Therein lies the difficulty of the Fed’s current strategy. It remains committed to tackling inflation head on, but is also aware that an overtightening of the screws could lead the world’s largest economy into a slowdown. At the same time, persistent inflation is likely to weigh on corporate margins although the recent reporting season showed that many companies are holding up relatively well.

The current delicacy of this balancing act was enough to put the brakes on a recently recovering Wall Street, with each of the major indices ending the week on a negative note. In the year to date, the Dow Jones is now down by 7%, while the S&P 500 and Nasdaq have shed 11% and 19% respectively.

Asian markets were mixed despite the easing of financial conditions in China, where the central bank is aiming to encourage lending in an effort to boost an ailing economy.
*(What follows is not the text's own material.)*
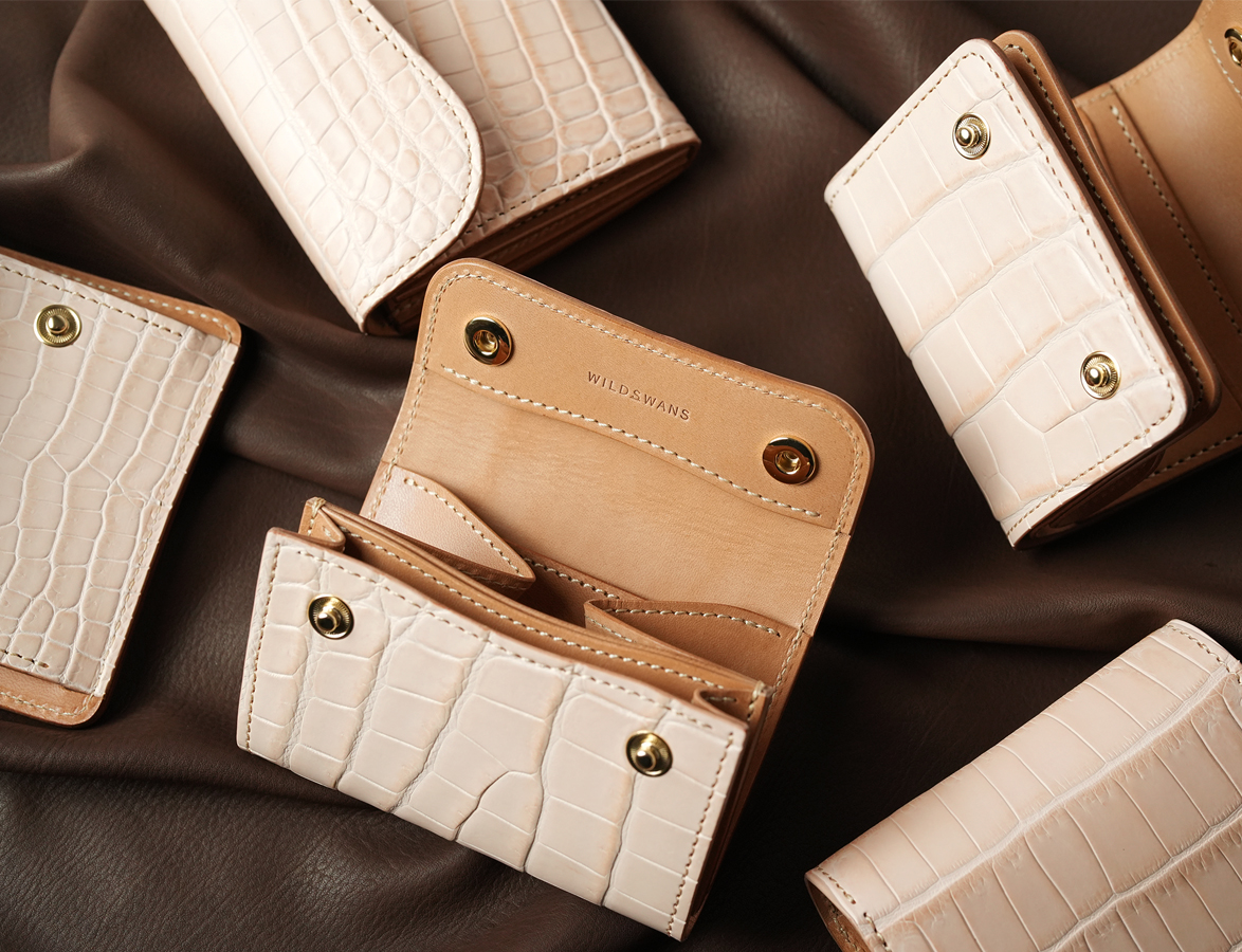 神々しいヌメクロコと強靭なバスタン&フィスのヌメ革同士の貴重な組み合わせで、全6アイテムをご用意させて頂きました。こちらのアイテムは6月29日昼12時よりWILDSWANSの直営店であるWILDSWANS銀座店とWILDSWANS Online Shopで一斉に発売させて頂きます。新旧織り交ぜたラインアップの注目のシリーズです。各店の販売方法は各アイテムの詳細の後でご案内しております。

Quite apart from the impact of the latest Covid-19 variant, which has resulted in several lockdowns, the property market remains under severe pressure and there was also a power shortage in a key manufacturing region.

The general summer lethargy also weighed on sentiment in UK markets, where further monetary tightening is also likely to continue. The more recent strength of the US dollar as a haven investment has pulled the rug from sterling, which has had the impact of underpinning the premier index which derives much of its income from overseas, thus making those earnings more valuable in translation. The FTSE 100 remains up by 2% in the year to date despite a tepid opening today, although the FTSE 250, a more representative barometer of the UK economy as a whole, continues its weakness and has lost 15.5% so far this year.

In early exchanges, a further leg down in the oil price on demand concerns weighed on BP (LSE:BP.) and Shell (LSE:SHEL), with some weakness in recovery stocks such as International Consolidated Airlines Group SA (LSE:IAG) offset slightly by some tentative buying within defensives.